Overall, 3 patients of the present study population have or had a documented HEV infection with hepatitis acquired after transplantation. This means a 1% prevalence of de novo HEV hepatitis after liver transplantation. This might be higher (2%) if we include the 3 patients in whom we detected for the first time HEV antibodies after transplantation but in whom we could not detect with the use of available sera in retrospect an episode of HEV RNA positivity with hepatitis.
On the basis of this low prevalence, one may conclude that, although each individual patient with chronic HEV infection is a potential reservoir for spreading the infection, on a population scale, transplanted, immunosuppressed patients are not a major source for endemic HEV infection. One should consider this while keeping in mind the potential underascertainment due to the seroreversion of cases to a seronegative state. The currently available serological methods are not specific for genotype 3 HEV infections, thereby potentially being suboptimal for measuring immunity to these viruses. As soon as validated type-specific assays become available, we will recommend reassessing whether patients that became antibody-negative with the current assay will show the same pattern of reactivity.

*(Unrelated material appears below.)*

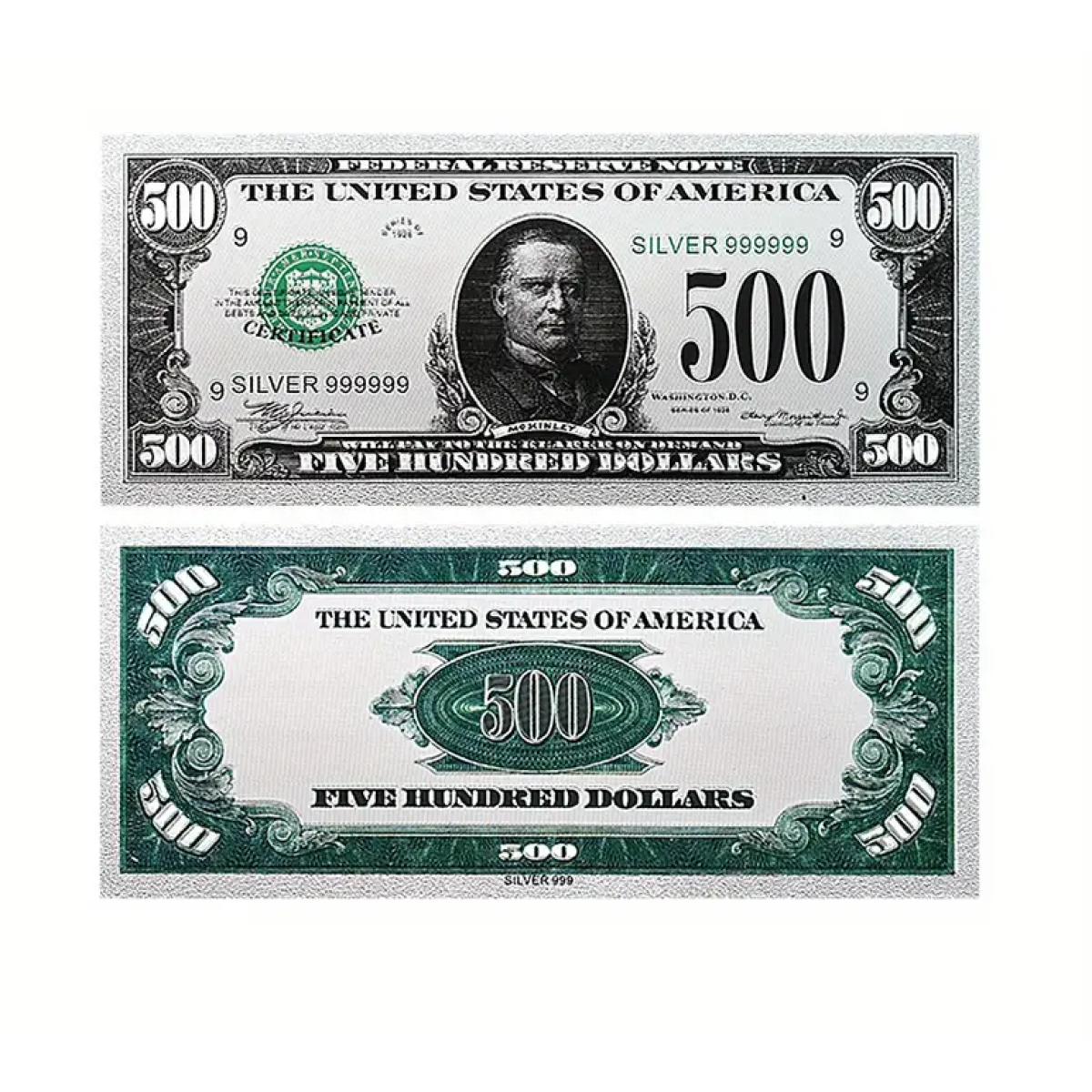 Банкнота 500 доларів 1928 року є рідкісним екземпляром, на лицьовій стороні якого зображений портрет 25-го президента США Вільяма Мак-Кінлі, а на зворотній — офіційна резиденція президента, Білий дім. Це банкнота типу “золотий сертифікат“, яка грала важливу роль у великих транзакціях і міжбанковських розрахунках у період до широкого поширення електронних платежів.

It is worrisome that if indeed the prevalence of seropositivity for HEV is around 2% in liver transplant candidates at an adult age, another 1% to 2% will acquire the virus within several years after transplantation. So far, the genotype has been shown to be genotype 3 in all studies,2–5 and so we should consider pigs and pig meat as a source of infection. The transplanted patient may run an increased risk because of the use of immunosuppression.
For more insight, prospective studies are needed, with the determination of HEV parameters on a regular basis from the pretransplantation period onward and more often during episodes of liver enzyme abnormalities. For the time being, we recommend determining the HEV serological status during the evaluation phase for liver transplantation and considering the possibility of HEV hepatitis in the case of liver enzyme abnormalities of unknown origin. It is probably too early to advise patients to refrain from pig meat.